Female Sprague Dawley (SD) rats (Himberg, Austria), were housed (three per cage) and maintained on a 12 h light:12 h dark cycle in a temperature-(21 ± 2 °C) and humidity-controlled animal facility. The animals were acclimatized for one week under the same laboratory conditions of photoperiod, humidity and room-temperature. Rats initially weighing 251 ± 21 g were either assigned to normal rodent diet groups (Altromin, Lage, Germany) with 2.6 kcal/g and 11% fat or custom-designed high-fat diet (HFD) groups with 4.7 kcal/g and 56% fat (Harlan, Vienna, Austria). The HFD composition was based on previous studies [21,22,23]. Food and tap water were provided ad libitum. Experimental setup for female SD rats was performed according to the guidelines of the Animal Care and Use Committee of the Ministry of Science and Research, Vienna, Austria and approved by the responsible national ethics committee, Ministry of Science and Research, Vienna, Austria, ID 162-2010/11; October 2010.

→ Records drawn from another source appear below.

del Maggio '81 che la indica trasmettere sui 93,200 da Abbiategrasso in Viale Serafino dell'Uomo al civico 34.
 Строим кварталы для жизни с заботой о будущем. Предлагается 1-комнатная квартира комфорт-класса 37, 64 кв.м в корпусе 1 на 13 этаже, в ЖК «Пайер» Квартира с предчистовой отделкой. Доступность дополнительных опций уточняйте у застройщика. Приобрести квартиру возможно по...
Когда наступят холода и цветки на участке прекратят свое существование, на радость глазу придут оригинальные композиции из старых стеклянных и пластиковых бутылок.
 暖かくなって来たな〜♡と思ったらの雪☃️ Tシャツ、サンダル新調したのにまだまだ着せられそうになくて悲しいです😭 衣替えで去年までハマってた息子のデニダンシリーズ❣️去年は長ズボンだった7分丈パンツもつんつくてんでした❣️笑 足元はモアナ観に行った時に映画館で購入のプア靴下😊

4.2. Experimental Design and Treatment

The rats were randomly allocated into six groups as shown in Table 1. Groups 1–3 were fed with normal rodent diet, whereas groups 4–6 were fed with HFD. Hypothyroidism was induced via administration of 6-propylthiouracil (0.04 g/100 mL) into tap drinking water over the whole experimental period of 12 weeks as described [17,18,19]. Hyperthyroidism was induced with 3,3′,5-triiodothyronine (T3) (300 μg/kg in 0.50 mM NaOH) via intraperitoneal (i.p.) injections every other day for 12 weeks [18].

4.3. Blood Collection

After 12 weeks, blood was obtained via heart puncture after an overnight fast. Rats were anesthetized with isofluran (Forane, Abbott, Vienna, Austria) prior to blood sampling. Blood was collected using S-Monovette® Serum-Gel tubes, Sarstedt, Vienna, Austria and centrifuged at ambient temperature. Samples were aliquoted and stored at −80 °C until analysis.

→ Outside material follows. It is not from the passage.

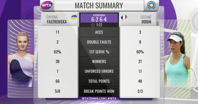 Даяна Ястремская (Украина) – Осеан Доден (Франция) – 6:2, 6:4

4.4. Laboratory Procedures

Platelet free plasma, derived from citrated blood samples was used for ETP analysis, which was performed by the new CE-IVD labeled Innovance® ETP test kit on a BCS-XP analyzer (Siemens Healthcare Diagnostics, Marburg, Germany). Serum triiodothyronine (T3) was determined by commercial Rat ELISA (Uscn Life Science Inc., Wuhan, China). During the course of treatment, body weight measurements were performed at a 3-week interval and food consumption and calorie intake were recorded. The amount of ingested diet was calculated as the difference between the amount of food that was placed in the food bin and the weight of food that remained in the bin. Calorie intake per rat per day was calculated via food consumption per animal per day and the diets’ metabolizable energy values as kilocalories per gram (kcal/g). Total cholesterol, free cholesterol, and HDL cholesterol (homogeneous assay) were measured using enzymatic reagents from Diasys (Holzheim, Germany) and were calibrated using secondary standards from Roche Diagnostics (Mannheim, Germany). Free fatty acids were measured using enzymatic reagents form Wako Chemicals (Neuss, Germany). All measurements were performed on an Olympus AU640 (Producer, Vienna, Austria) automatic analyzer.

4.5. Statistical Analysis

Data are presented as means ± standard deviations. Continuous variables were compared using Students t-test for independent samples or Mann–Whitney U-test depending on the distribution of data. Correlations between variables were determined by linear regression analysis according to Pearson (r, Pearson correlation coefficient; P, univariate ANOVA). p-values < 0.05 were considered statistically significant. Analyses were performed by explorative data analyses using SPSS for Windows (SPSS Inc., Chicago, IL, USA).